Teiresias uses his psychic abilities to foreshadow the anguish and destruction that Oedipus will encounter after he learns the truths of his life. Teiresias is also responsible for further developing the theme of blindness by using his own physical blindness to reveal to Oedipus his mental blindness. Lastly, Teiresias is ultimately responsible for imposing dramatic irony because of his great knowledge of the truth of Oedipus. In the play, Oedipus Rex, by Sophocles, the minor character of Teiresias is responsible for foreshadowing Oedipus’ fate, developing the theme of blindness, and also illustrating dramatic irony.

In Sophocles’ Oedipus Rex, the character of Teiresias is developed in such a way that he utilizes many dramatic devices in order to reveal information and move the play along. As a fortuneteller, Teiresias is able to see the fate and destruction of Oedipus’ life. Teiresias uses his great ability to reveal to the reader the downfalls in Oedipus’ life that will soon occur because of his quest to know his fate. The character of Teiresias demonstrates the use of foreshadowing in order for the reader to be aware of Oedipus’ fate.

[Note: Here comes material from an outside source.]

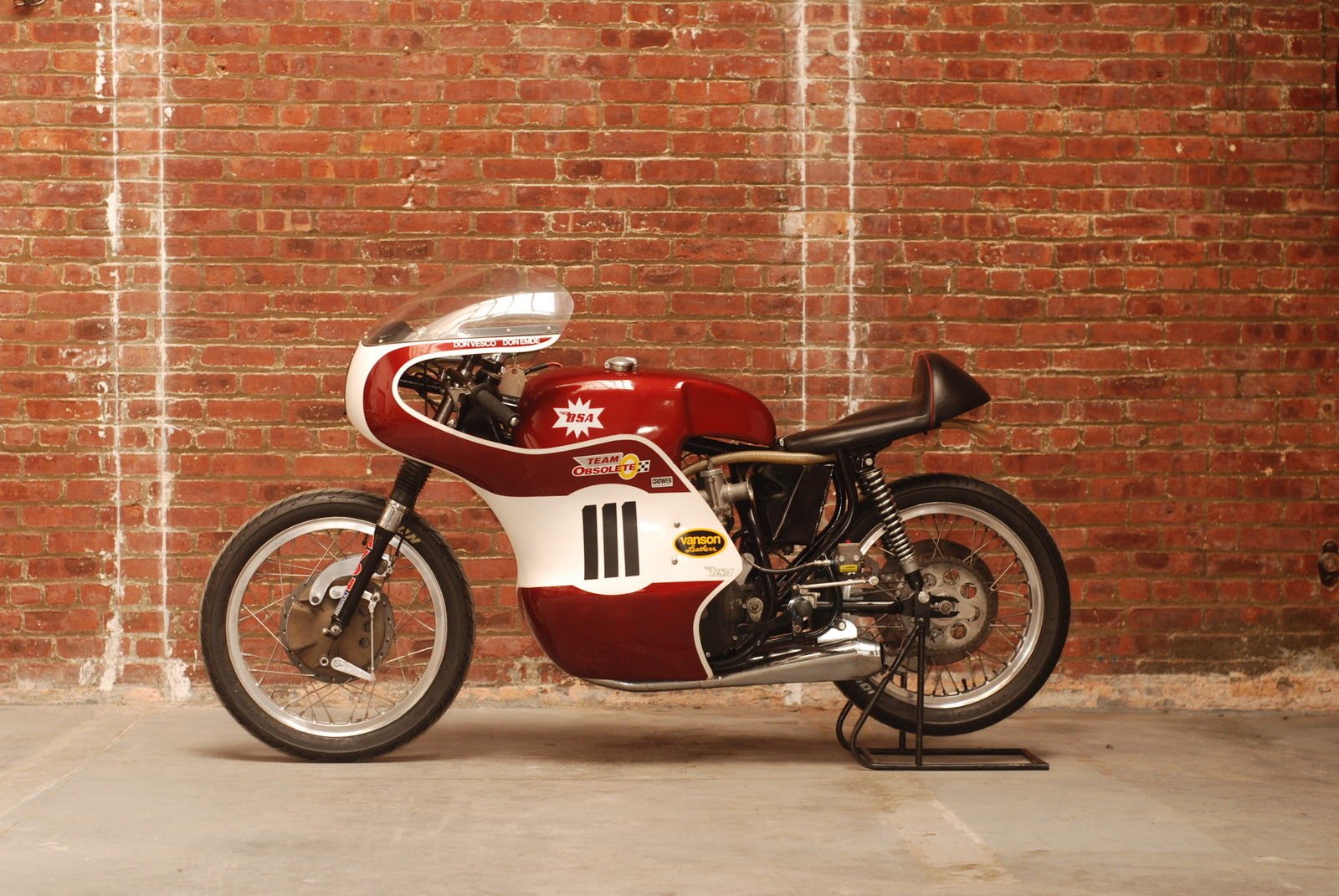 This is a very tricked out bike. one of approximately five built. It was restored by Don and Rob North. and later re-restored by Team Obsolete. It is race ready. The motor has been converted from E. T. ignition to Lucas racing magneto.

You can not see the wretchedness of your life, Nor in whose house you live, no, nor with whom. Where are your father and mother? Can you tell me? You do not even know the blind wrongs that you have done them, on earth and in the world below. But the double lash of your parents’ curse will whip you out of this land some day, with only night upon your precious eyes. Your cries then—where will they not be heard (Sophocles, 403-410)?

This passage foreshadows the destruction and misery that will be a part of Oedipus’ life...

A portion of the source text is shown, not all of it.